If the Doe server “burns out” one night (or just a short-term serious failure occurs on it), the project technical team will have to rise in the middle of the night to return the system to a working state. Services installed on Doe do not automatically move to another server - for example, John, so for some time the system would stop working.

There are other difficulties - the location on the same node of the maximum number of containers, network discovery (service discovery), "upload" updates, aggregation of log data. It was necessary to somehow cope with all this.

What was needed was some magical orchestration framework, with which it would be possible to distribute containers among cluster nodes. It was necessary to achieve that it would be possible to work with multiple nodes as with one single one. It was necessary for this magical framework to be able to say “expand 3 copies of such a Docker container somewhere in the cluster and see that everything works”. Great plan! The only thing left was to find such a framework.

Wish List

Technologies are developing very fast, so even to meet very moderate standards, you still need to choose tools so that they are alive and maintained for some time. Haleby engineers would like their “dream framework” to use something like the docker-compose they already used - this would eliminate the need for a lot of reconfiguration and configuration work.

In addition, the simplicity of the framework and the absence of too many magic features that are difficult to control would be a plus. Some kind of modular solution would be perfect, which would leave the possibility of replacing some parts if necessary. An open license would also be a plus - in this case it would be possible to easily track the progress of the project and make sure that it has an active community.

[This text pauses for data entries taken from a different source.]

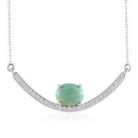 Explore el encanto de la turquesa con este impresionante collar que incluye un cabujón ovalado de turquesa Tyrone de 1,875 quilates procedente de Estados Unidos. Complementado con 27 circonitas redondas de Tanzania, esta pieza brilla con elegancia. Elaborada en plata de ley 925 bañada en platino, es perfecta para añadir un toque de color a tus conjuntos. Ideal tanto para ocasiones informales como formales, realza cualquier conjunto sin esfuerzo.
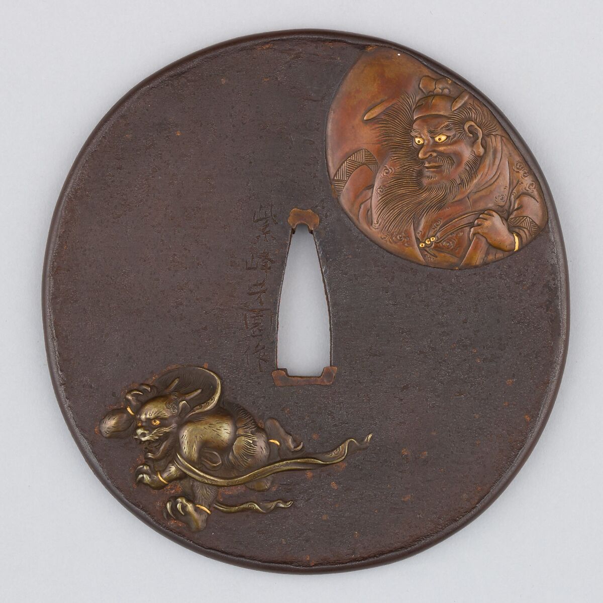 A tsuba is a sword guard and part of a sword mounting. It is mounted between the sword’s blade and grip to protect the user’s hands.
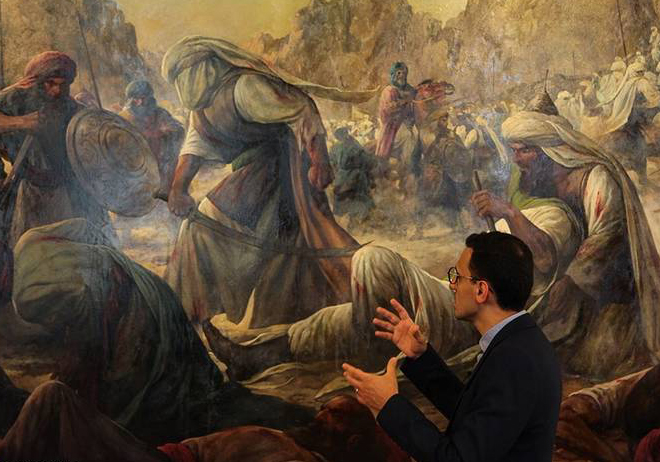 خالق «آخرین سرباز لشگر» با تاکید بر تاثیرگذاری شگرف هنر نقاشی در نگاه مخاطبان، هنر عاشورایی را یک روضه خوانی دانست و افزود: «با تصویر می توان بیان جامع تری از واقعه عاشورا صورت داد. کلام نقاشی بسط و گسترش بیشتری دارد. خیلی خودمانی بگویم که اصلا خودم را هنرمند نمی دانم و فقط به دنبال این هستم که یکسری از مفاهیم و روایات را که در ذهنم وجود دارد، تصویری کنم. این انتقال باید هم جنبه احساسی داشته باشد و هم مستند و رئال باشد. ما فقط می خواهیم بگوییم اتفاقاتی در عاشورا افتاده است. وقتی سیدالشهدا به شهادت رسیده است به دیدار محبوبش می رود و ارتفاعی بالاتر از این نداریم.»
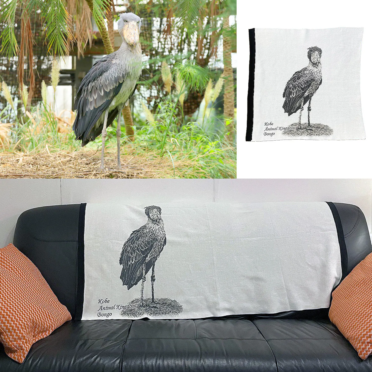 最近では、神戸どうぶつ王国様から、王国の人気者ハシビロコウ「Bongo」くんのマルチラグのオーダーを承りました。
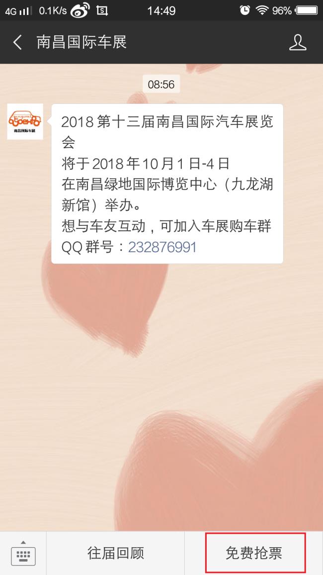 即日起到9月31日下午17點(diǎn)前你只要通過(guò)“南昌國(guó)際車展”官方微信公眾號(hào)就可以領(lǐng)取車展免費(fèi)門票。
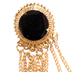 Introducing the **Majestic Anoir Brooch vintage lapel Pin Brooch with rhinestone Harness** by Dupsie's African Fashion, a stunning accessory that exemplifies sophistication and style. This exquisite circular lapel pin features a rich black stone, elegantly bordered by a gleaming gold-colored frame. The intricate detailing of the gold finish enhances its luxurious appeal, while the delicately cascading gold chains adorned with sparkling rhinestones bring an added flair of brilliance.
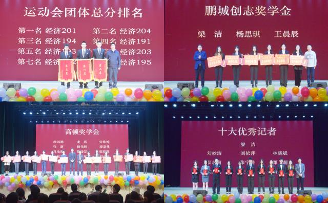为表彰在各方面具有突出表现的同学,激励全体学生努力学习,晚会期间颁发了“鹏城创志奖学金”、“高顿奖学金”、“运动会团体总分前三”和“十大优秀记者”等奖项。(作者/刘妙洁 作者单位/经济学院 图/周亦君、张宇璐 图片作者单位/经济学院)
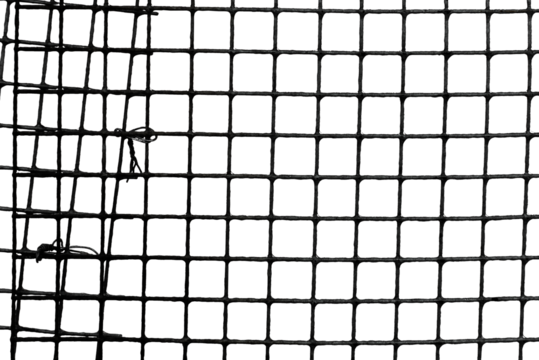 The texture of the metal mesh. Torn, destroyed, broken metal mesh on a white background
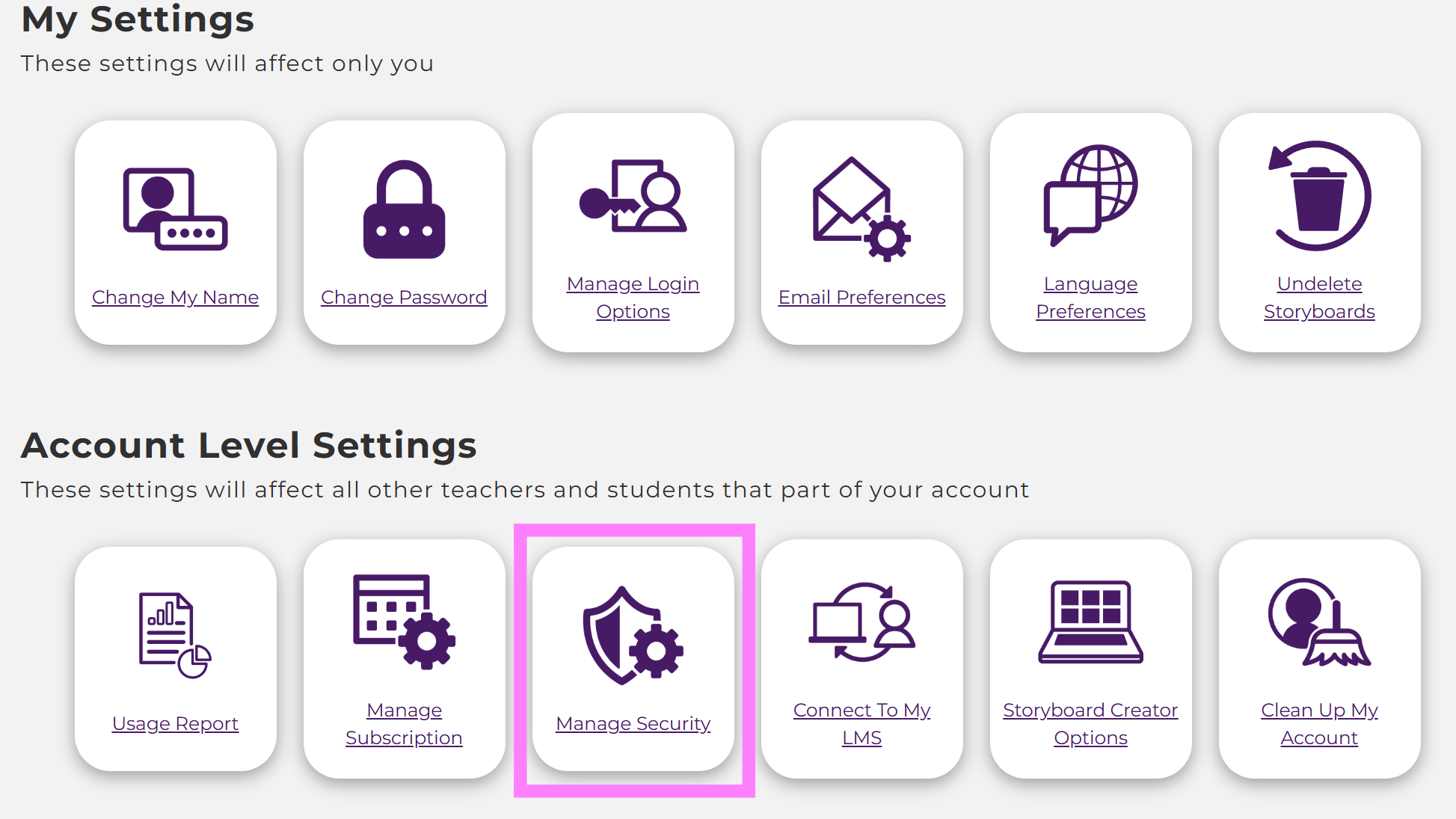 - From the teacher dashboard, click Manage Security under Account Settings.
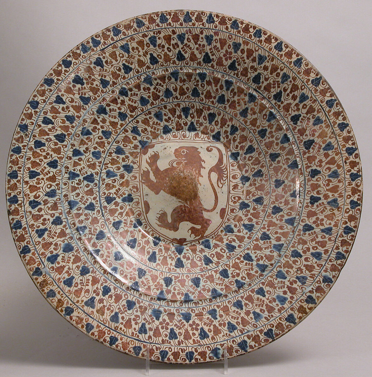 Knowledge of the technique for creating lusterware made its way to the Iberian Peninsula by the twelfth century, when most of the region was still under Islamic rule. By the 1400s, the Iberian center of lusterware production was in Manises, near the city of Valencia. Previously a Muslim taifa, or principality, the Kingdom of Valencia was conquered in the thirteenth century by James I for the Crown of Aragon, and it was here that Christians and Muslim potters worked, sometimes together, for a diverse clientele with a voracious appetite for high quality lustered wares.
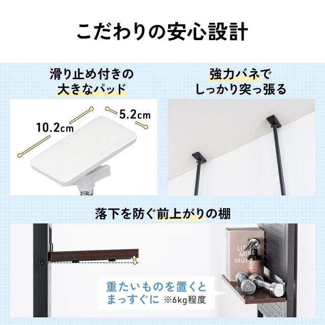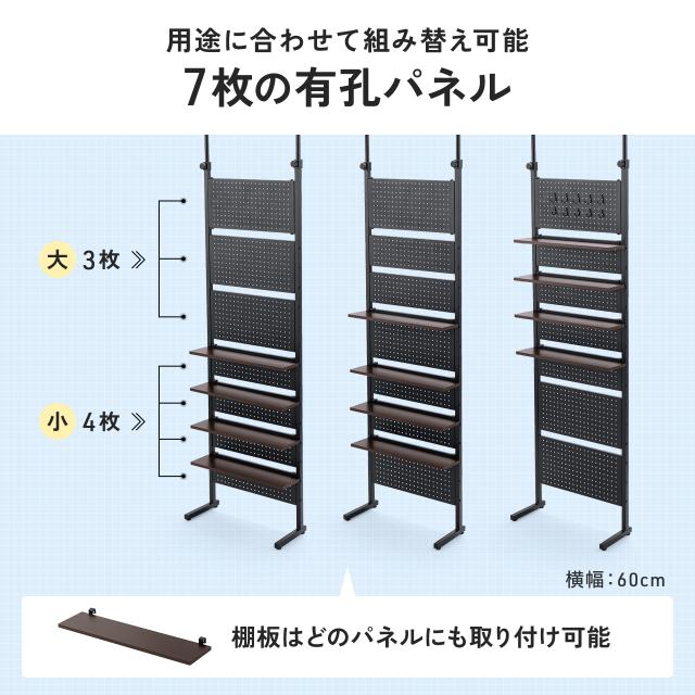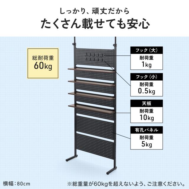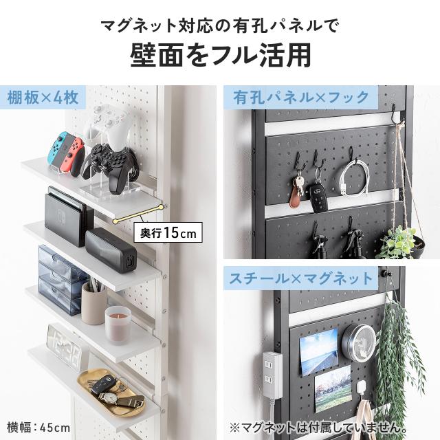 ●突っ張るだけの簡単設置。壁面を収納として活用できる突っ張りラックです。●有孔ボードのパネルなので、フックをかけたり、マグネットを取り付けたり自由に収納できます。

In addition, Haleby team members would like to see the selected tool present support for working with containers in multiple clouds at the same time, as well as the presence of network discovery functionality. Also, the engineers did not want to spend a lot of time setting up, so the use of the framework as service model would be preferable.

Framework selection

Analysis of the options available on the market made it possible to identify several candidate frameworks. Among them:

AWS ECS

AWS ECS Container Service is a highly scalable and fast container management tool that lets you start, stop, and work with Docker containers in your Amazon EC2 instance cluster. If any project is already working in this cloud, then not consider this option is just strange. However, Haleby did not work for Amazon, so the move seemed to the engineers of the company not the best solution.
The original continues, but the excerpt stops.